• _Problem to work on_
The answer should hold every line of the listing, unchanged and free of images.

• _Given material_
"""

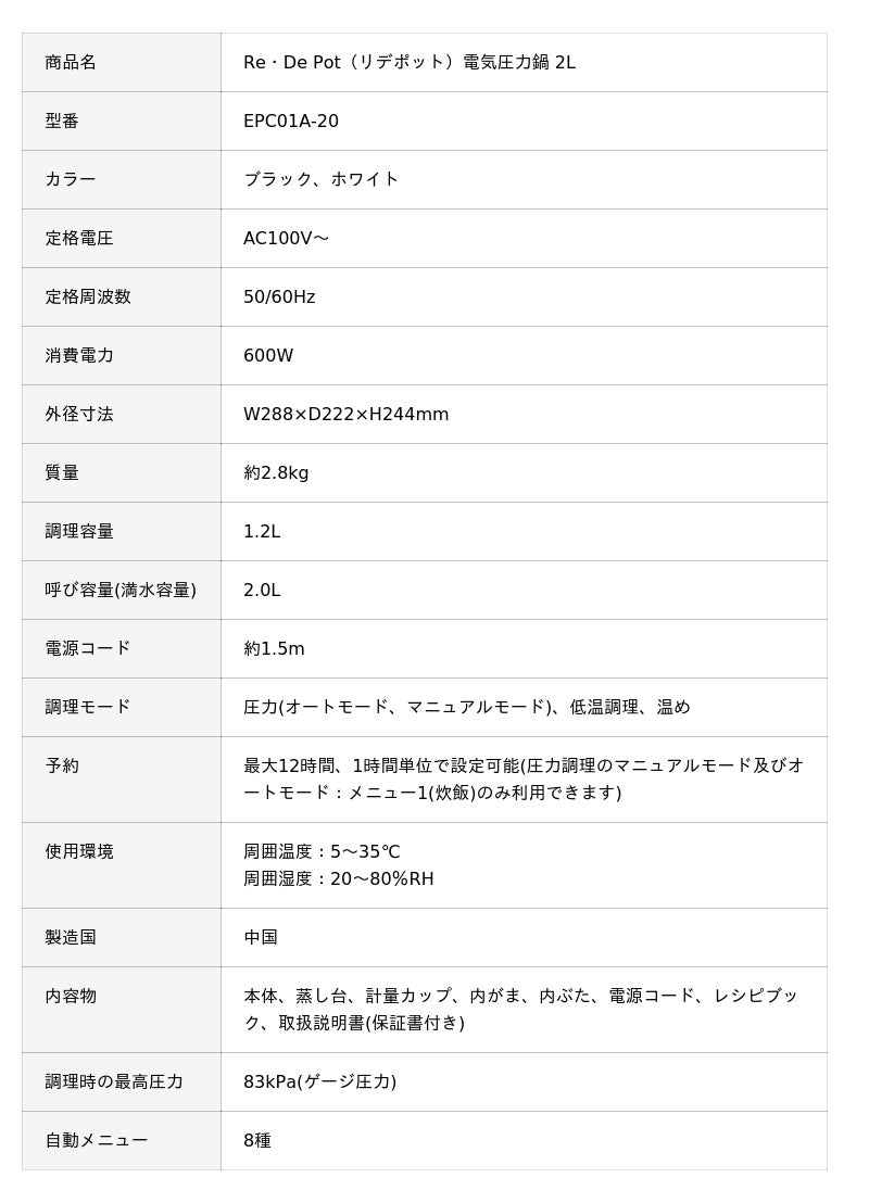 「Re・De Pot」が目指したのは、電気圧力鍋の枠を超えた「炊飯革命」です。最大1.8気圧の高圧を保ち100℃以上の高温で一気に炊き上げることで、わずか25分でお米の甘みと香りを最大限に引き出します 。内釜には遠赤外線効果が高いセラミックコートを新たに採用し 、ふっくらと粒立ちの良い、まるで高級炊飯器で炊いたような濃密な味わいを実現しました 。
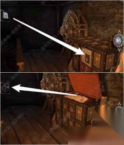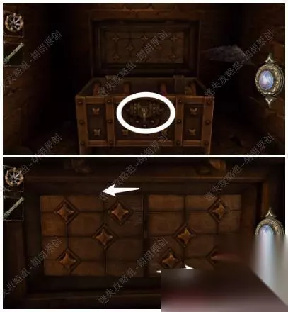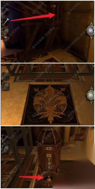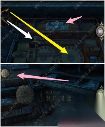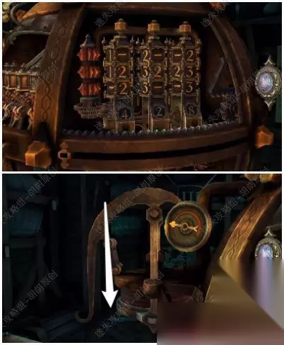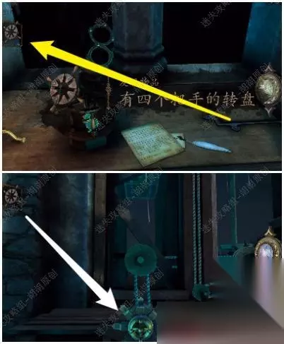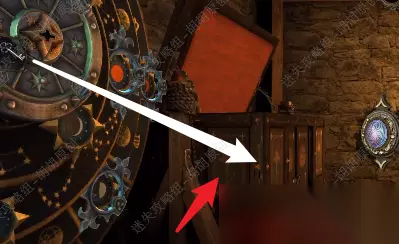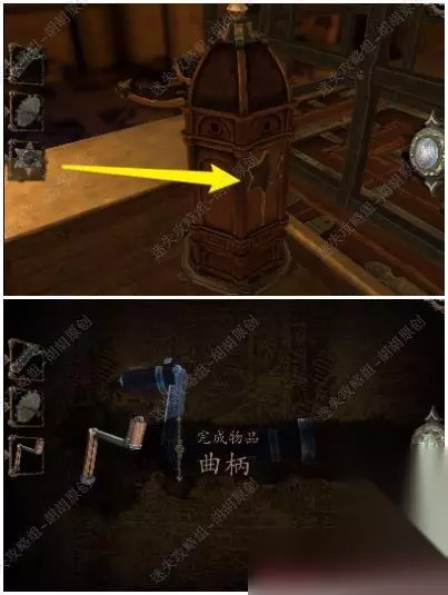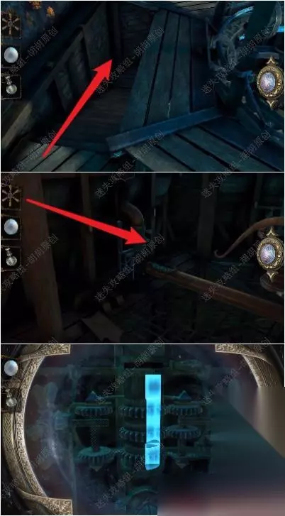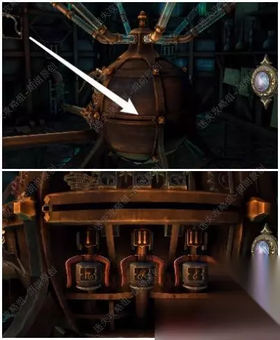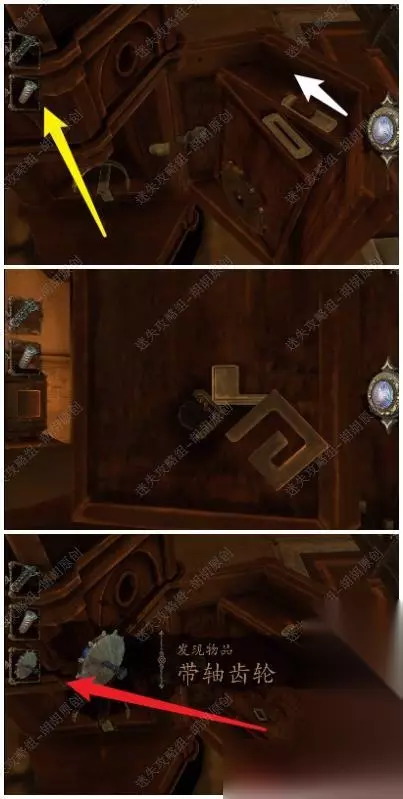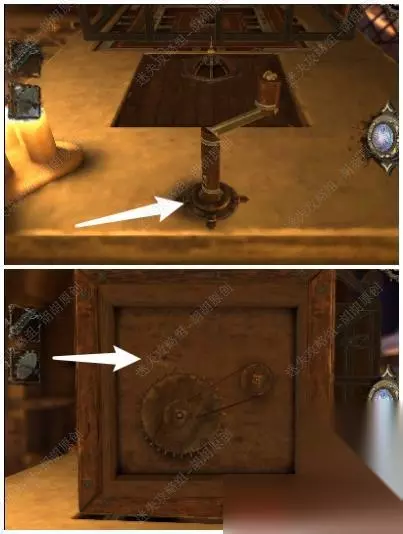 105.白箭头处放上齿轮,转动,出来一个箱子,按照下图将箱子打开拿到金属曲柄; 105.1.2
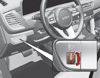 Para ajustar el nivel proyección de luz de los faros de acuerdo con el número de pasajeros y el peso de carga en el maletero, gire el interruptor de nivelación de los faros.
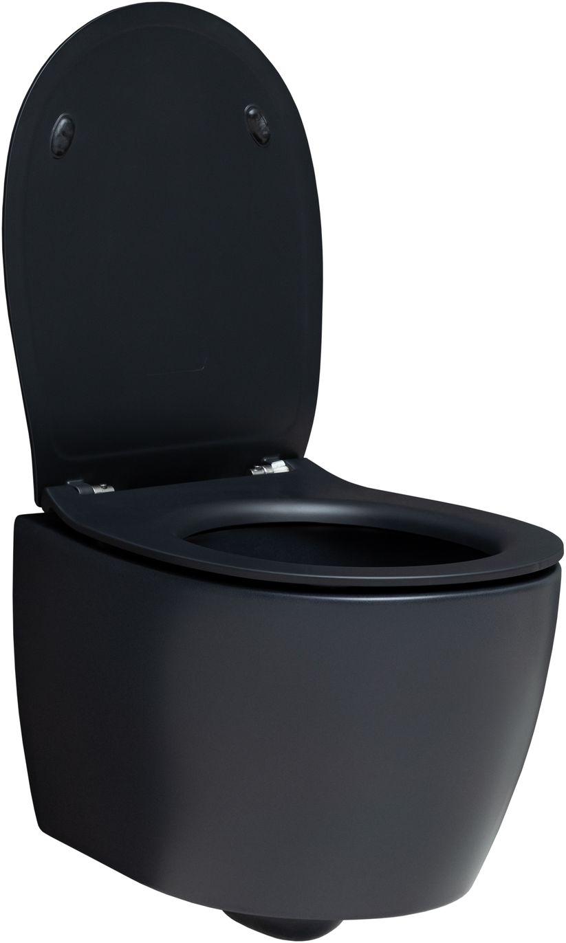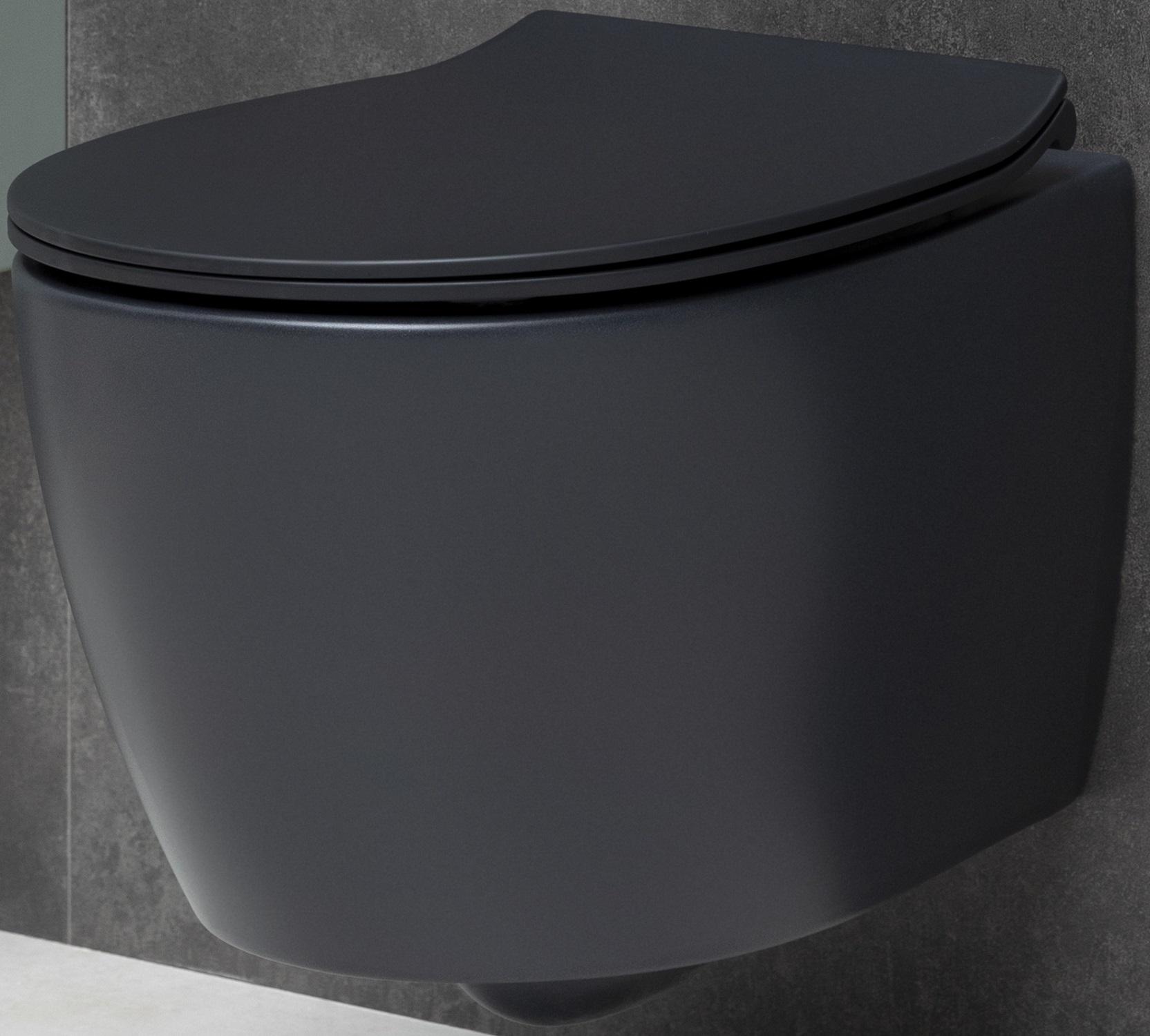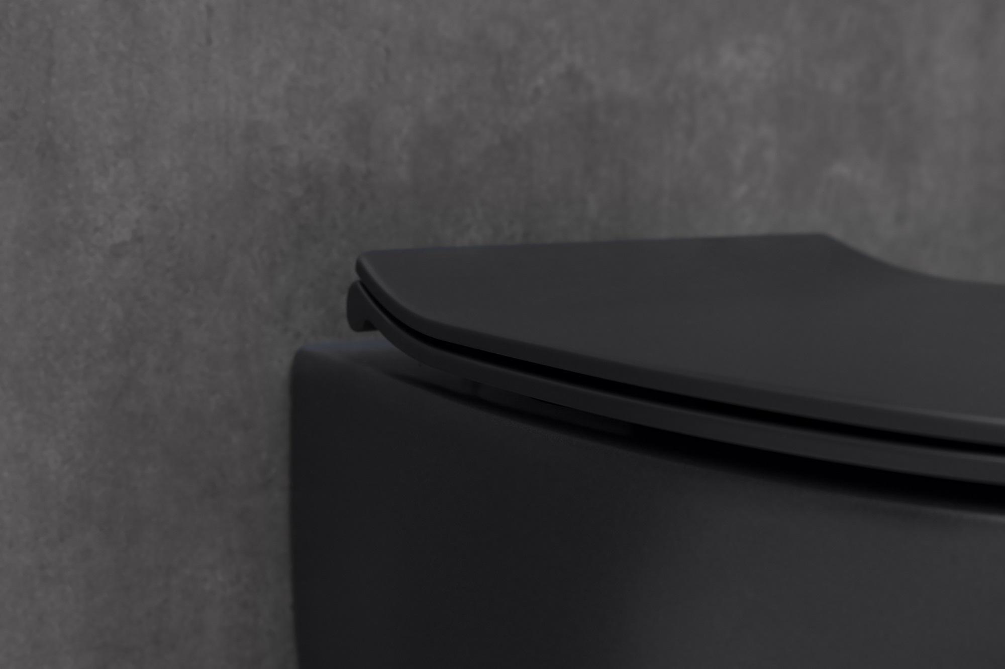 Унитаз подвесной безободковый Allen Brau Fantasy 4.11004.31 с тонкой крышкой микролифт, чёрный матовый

"""

• _Task response_
 「Re・De Pot」が目指したのは、電気圧力鍋の枠を超えた「炊飯革命」です。最大1.8気圧の高圧を保ち100℃以上の高温で一気に炊き上げることで、わずか25分でお米の甘みと香りを最大限に引き出します 。内釜には遠赤外線効果が高いセラミックコートを新たに採用し 、ふっくらと粒立ちの良い、まるで高級炊飯器で炊いたような濃密な味わいを実現しました 。
 105.白箭头处放上齿轮,转动,出来一个箱子,按照下图将箱子打开拿到金属曲柄; 105.1.2
 Para ajustar el nivel proyección de luz de los faros de acuerdo con el número de pasajeros y el peso de carga en el maletero, gire el interruptor de nivelación de los faros.
 Унитаз подвесной безободковый Allen Brau Fantasy 4.11004.31 с тонкой крышкой микролифт, чёрный матовый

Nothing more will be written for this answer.